- Born: May 3, 1961 (age 65) Minneapolis, Minnesota, U.S.A.
- Height: 6 ft 1 in (185 cm)
- Weight: 185 lb (84 kg; 13 st 3 lb)
- Position: Defense
- Shot: Left
- Played for: Minnesota North Stars SV Ritten
- National team: United States
- NHL draft: 100th overall, 1980 Minnesota North Stars
- Playing career: 1983–1990

= David Jensen (ice hockey, born 1961) =

American ice hockey player

David Henry Jensen (born May 3, 1961) is an American former ice hockey player who played in 18 National Hockey League games with the Minnesota North Stars between 1984 and 1986. He is the younger brother of Paul Jensen.

==Playing career==
Jensen played for the University of Minnesota from 1979 to 1983. He also played for the American national junior team at the 1980 1981 World Junior Championships.

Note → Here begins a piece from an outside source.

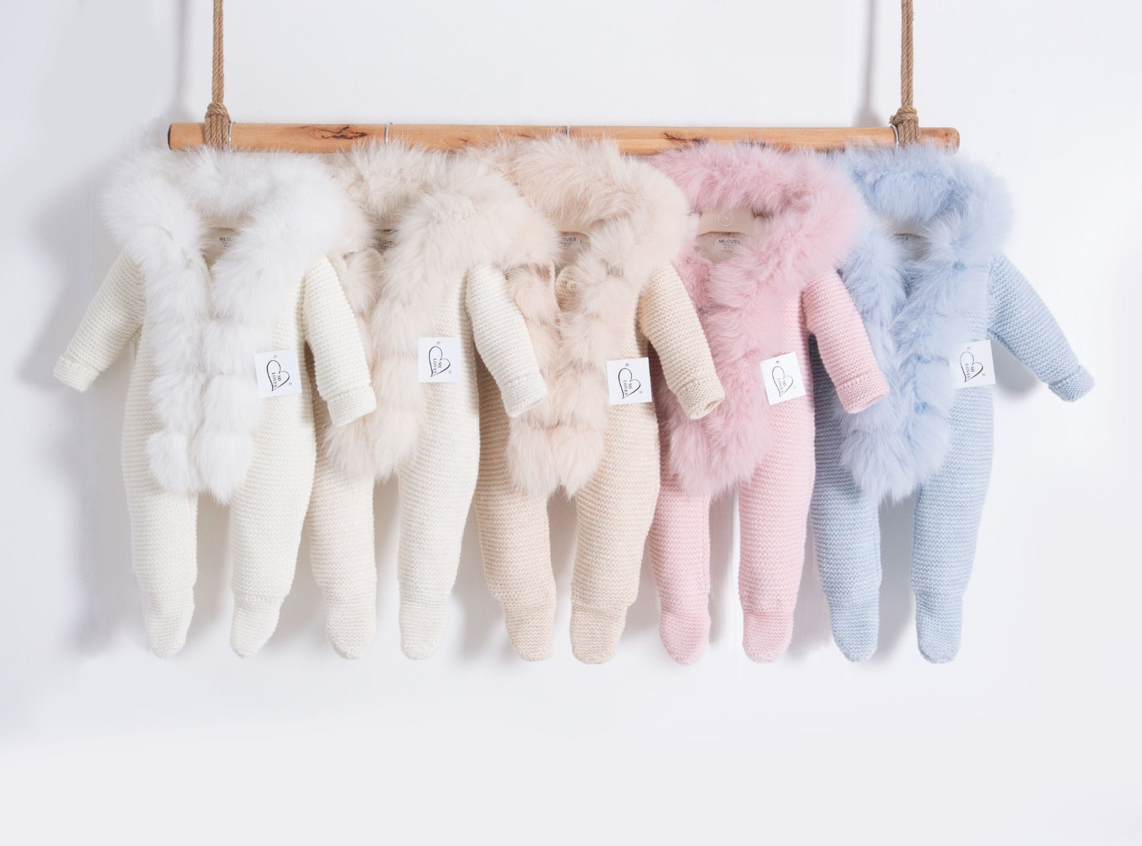 Pramsuit ONLY,matching pompom hat,Cardigan,Pompom booties and Leggings also available on the website (Sold Separately)

He was selected 100th overall in the 1980 NHL entry draft by the Minnesota North Stars, Jensen played with the American national team in 1983–84 as an amateur and played in the 1984 Winter Olympics in Sarajevo. He also played at the 1986 World Championships.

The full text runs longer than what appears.